The 70,000 images are split as follows:
* 50,000 are put into the training set
* 10,000 are put into the validation set
* 10,000 are put into the test set

In [4]:
print("Length of training set: %d" % len(train_set[0]))
print("Length of validation set: %d" % len(valid_set[0]))
print("Length of test set: %d" % len(test_set[0]))

Length of training set: 50000
Length of validation set: 10000
Length of test set: 10000


## Build a Model

Since this is a classification task, we use train a logistic regression model to classify images into one of 10 categories: 0, 1, 2, ..., 9.

In [5]:
model = linear_model.LogisticRegression(verbose = 1)
model.fit(train_set[0][0:20000], train_set[1][0:20000])

[LibLinear]

LogisticRegression(C=1.0, class_weight=None, dual=False, fit_intercept=True,
          intercept_scaling=1, max_iter=100, multi_class='ovr', n_jobs=1,
          penalty='l2', random_state=None, solver='liblinear', tol=0.0001,
          verbose=1, warm_start=False)

In [6]:
pred = model.predict(test_set[0])
print metrics.accuracy_score(test_set[1], pred)
print zip(pred[0:100], test_set[1][0:100])
for tuple in zip(pred[0:100], test_set[1][0:100]):
    if tuple[0] != tuple[1]:
        print tuple

0.9114
[(7, 7), (2, 2), (1, 1), (0, 0), (4, 4), (1, 1), (4, 4), (9, 9), (6, 5), (9, 9), (0, 0), (6, 6), (9, 9), (0, 0), (1, 1), (5, 5), (9, 9), (7, 7), (5, 3), (4, 4), (9, 9), (6, 6), (6, 6), (5, 5), (4, 4), (0, 0), (7, 7), (4, 4), (0, 0), (1, 1), (3, 3), (1, 1), (3, 3), (4, 4), (7, 7), (2, 2), (7, 7), (1, 1), (3, 2), (1, 1), (1, 1), (7, 7), (4, 4), (2, 2), (3, 3), (5, 5), (1, 1), (2, 2), (4, 4), (4, 4), (6, 6), (3, 3), (5, 5), (5, 5), (6, 6), (0, 0), (4, 4), (1, 1), (9, 9), (5, 5), (7, 7), (2, 8), (9, 9), (2, 3), (7, 7), (4, 4), (7, 6), (4, 4), (3, 3), (0, 0), (7, 7), (0, 0), (2, 2), (9, 9), (1, 1), (7, 7), (3, 3), (1, 2), (9, 9), (7, 7), (7, 7), (6, 6), (2, 2), (7, 7), (8, 8), (4, 4), (7, 7), (3, 3), (6, 6), (1, 1), (3, 3), (6, 6), (9, 9), (3, 3), (1, 1), (4, 4), (1, 1), (7, 7), (6, 6), (9, 9)]
(6, 5)
(5, 3)
(3, 2)
(2, 8)
(2, 3)
(7, 6)
(1, 2)


## Mean Normalization
Let's normalize the data to see if that improves performance! 

In [7]:
train_X = train_set[0][0:20000]

train_y = train_set[1][0:20000]
X_scaled = preprocessing.scale(train_X)



In [8]:
model_scaled = linear_model.LogisticRegression(verbose = 1)
model_scaled.fit(X_scaled, train_y)

[LibLinear]

LogisticRegression(C=1.0, class_weight=None, dual=False, fit_intercept=True,
          intercept_scaling=1, max_iter=100, multi_class='ovr', n_jobs=1,
          penalty='l2', random_state=None, solver='liblinear', tol=0.0001,
          verbose=1, warm_start=False)

In [9]:
pred = model_scaled.predict(preprocessing.scale(test_set[0]))
print metrics.accuracy_score(test_set[1], pred)
for tuple in zip(pred[0:100], test_set[1][0:100]):
    if tuple[0] != tuple[1]:
        print tuple

0.9013
(6, 5)
(8, 3)
(3, 2)
(2, 8)
(1, 6)
(1, 2)


Our accuracy went down by 1% after we scaled the data.

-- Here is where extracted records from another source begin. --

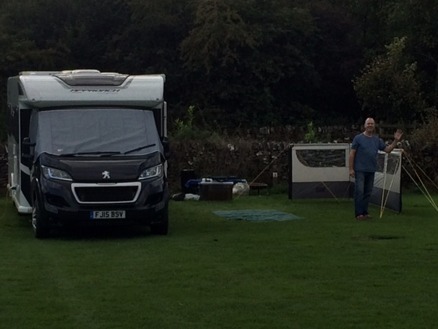 Months ago we arranged a weekend away with friends (Ali & Martyn Houslay) in September and a couple of weeks before we shortlisted a few campsites and sent this to them to choose. They selected a site called Knotlow Farm at Flagg nr Buxton Derbyshire which allowed us to take our own fire pit (after all camping even in a motorhome is all about the outdoors). Paul & I decided to head up a day before and opted to stay at a Britstops pub The Okeover Arms at Mapleton near Ashbourne. What a great decision this turned out to be. Although the lane leading to the pub was a little tight on the approach fortunately we didn’t meet anything coming from the other direction. The car park was roomy and the setting on the edge of the village very peaceful. We stayed on a Thursday and it was great to see a country pub so busy and popular. I can understand why though as the staff, food and atmosphere were all good and prices reasonable. We both ate and had a couple of drinks for £27! Great hospitality.
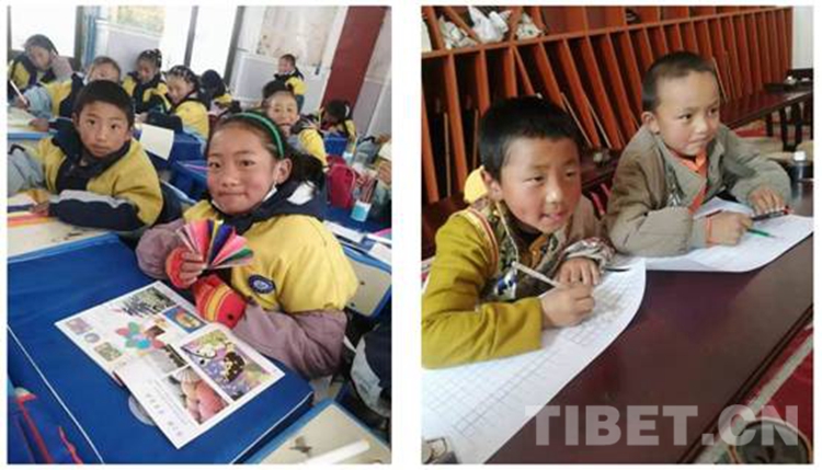 圖為西藏自治區(qū)那曲市比如縣羊秀鄉(xiāng)小學的孩子們在上手工課(左)和書法課(右) 攝影:米瑪旺久
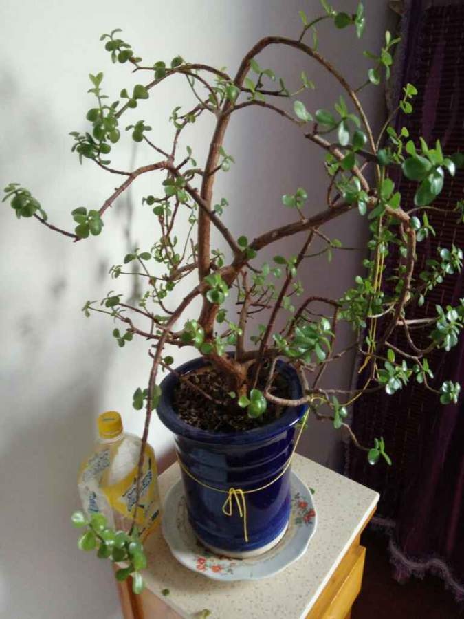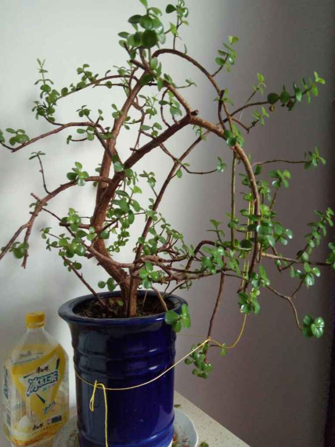 ortulacaria afra),即:金枝玉叶,为马齿苋科马齿苋树属多年生常绿肉质灌木,茎肉质,紫褐色至浅褐色,分枝近水平,新枝在阳光充足的条件下呈紫红色,若光照不足,则为绿色。
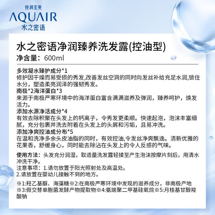 水之密语(AQUAIR)净润臻养(控油型)洗发水套装600ml*2滋养保湿男女士洗头膏
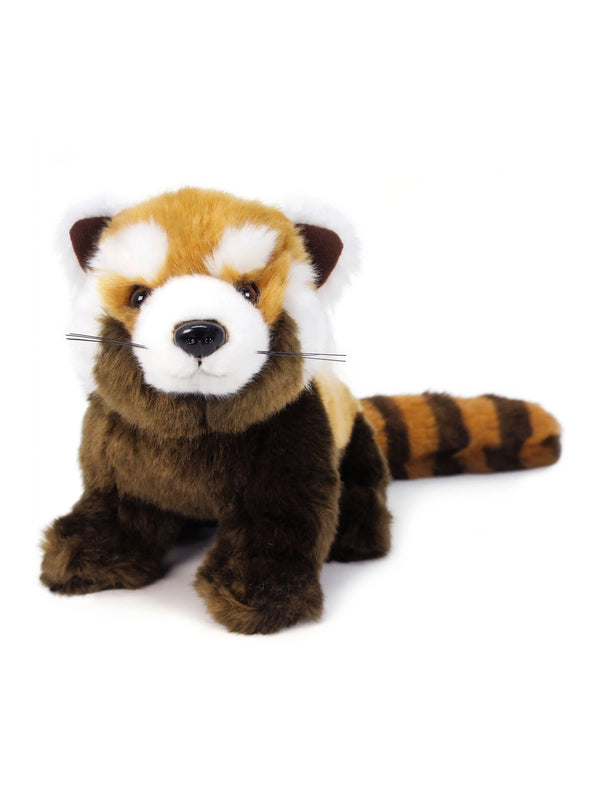 This red panda plush has cute black eyes and long, soft striped tail. Who wants to cuddle??
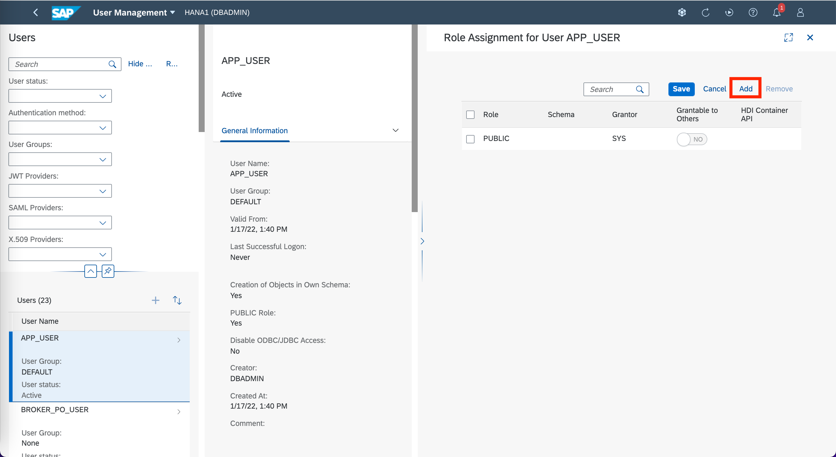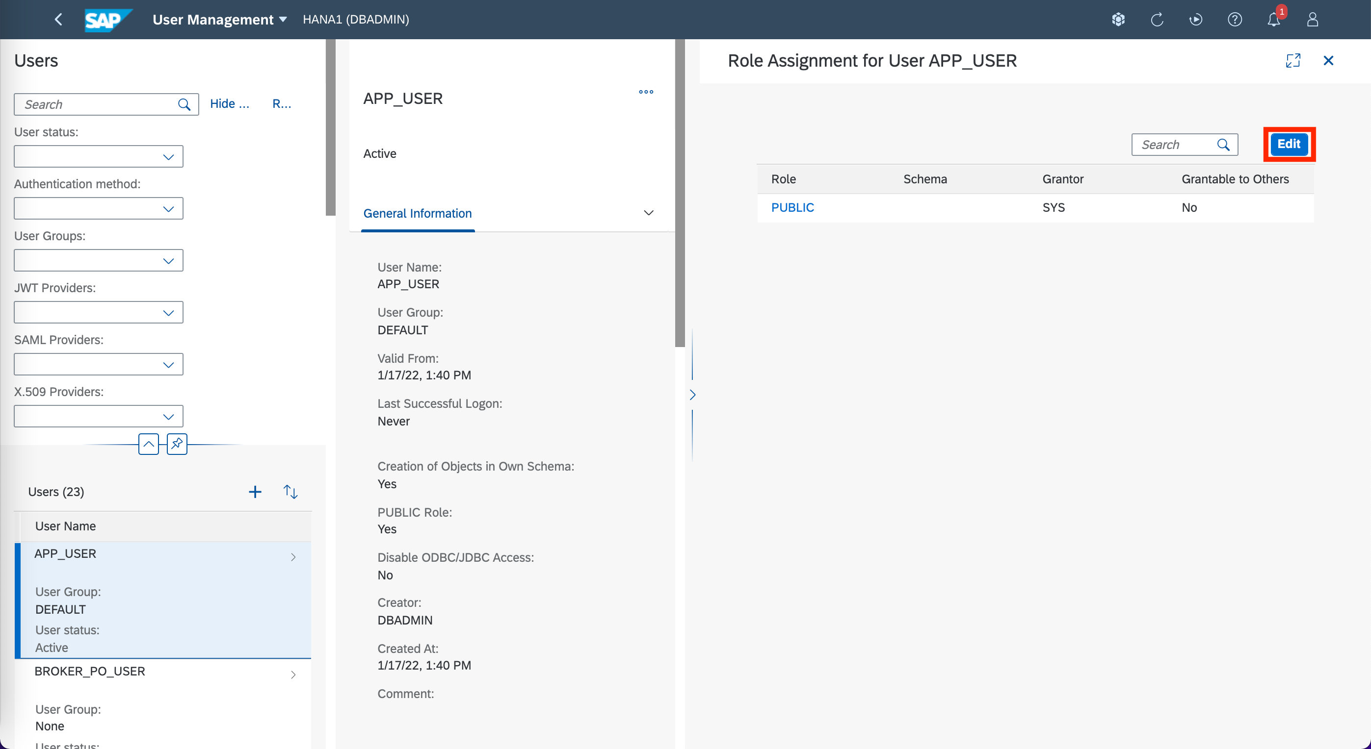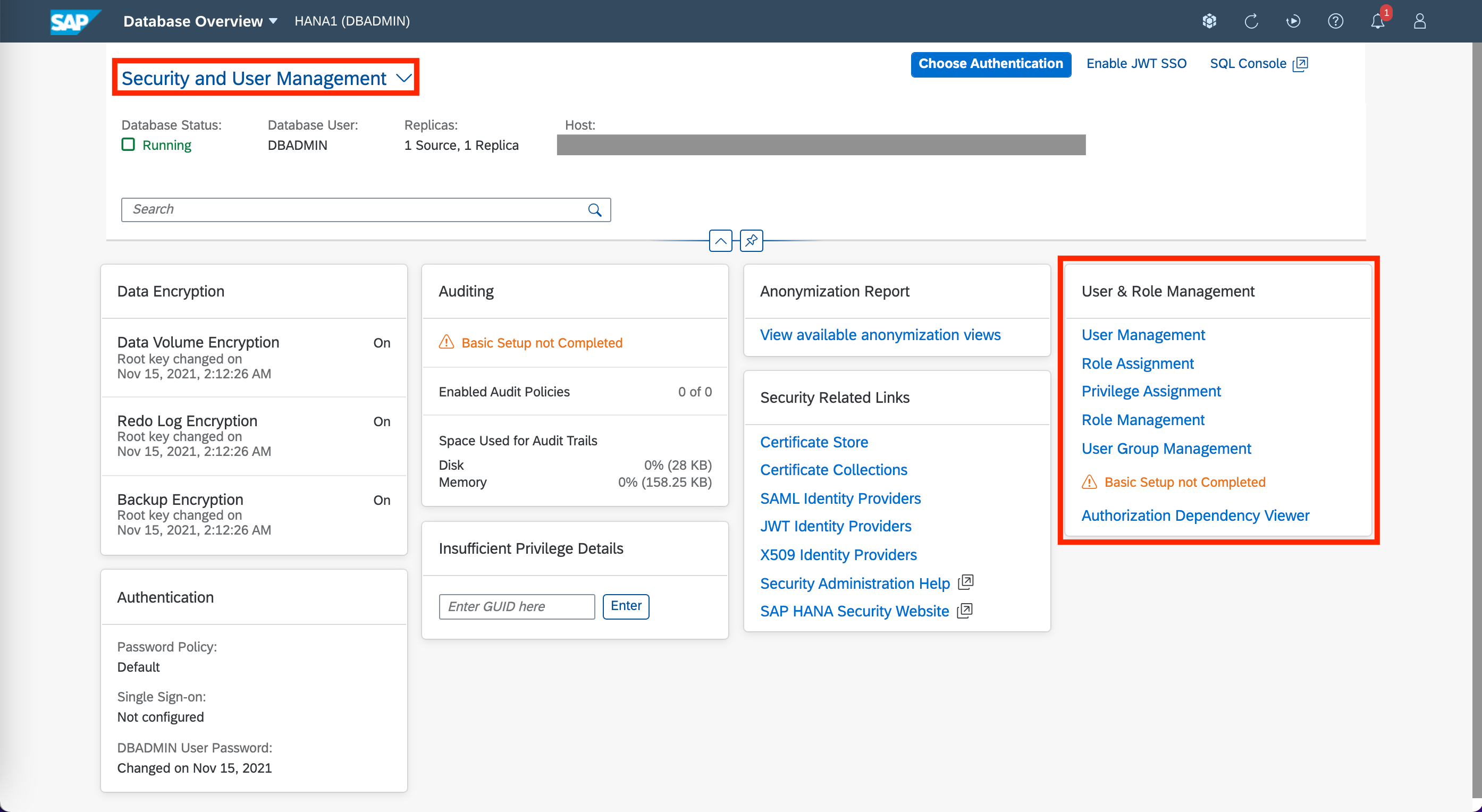 1. SAP HANA Cockpit의 Security and User Management 카테고리에서 "User and Role Management"의 "User Management" 을 통해 조회할 수 있습니다.

One possible explanation for this is that our dataset has small numbers that are sparse (i.e. the number of 0s outnumber the number of non-zero values). This means that the standard deviation is very close to 0 and that can cause numeric issues when scaling the data. In this case, it is probably better to use the raw data.

# Present the Results

Using logistic regression, we correctly recognize images in the test set ~92% of the time. This is pretty accurate but our model is probably not good enough to be used in critical services like the USPS.

We can also graph the learned coefficients for each digit to get an visualization of how our logistic regression model has learned the data.

In [11]:
# display coefficients for each digit
for val, rep in enumerate(model.coef_):
    plt.rc('image', cmap='binary')
    # reshape first training image into 28x28 format
    plt.matshow((rep.reshape(28, 28)))
    # label of first training image
    plt.title(val)
    plt.show()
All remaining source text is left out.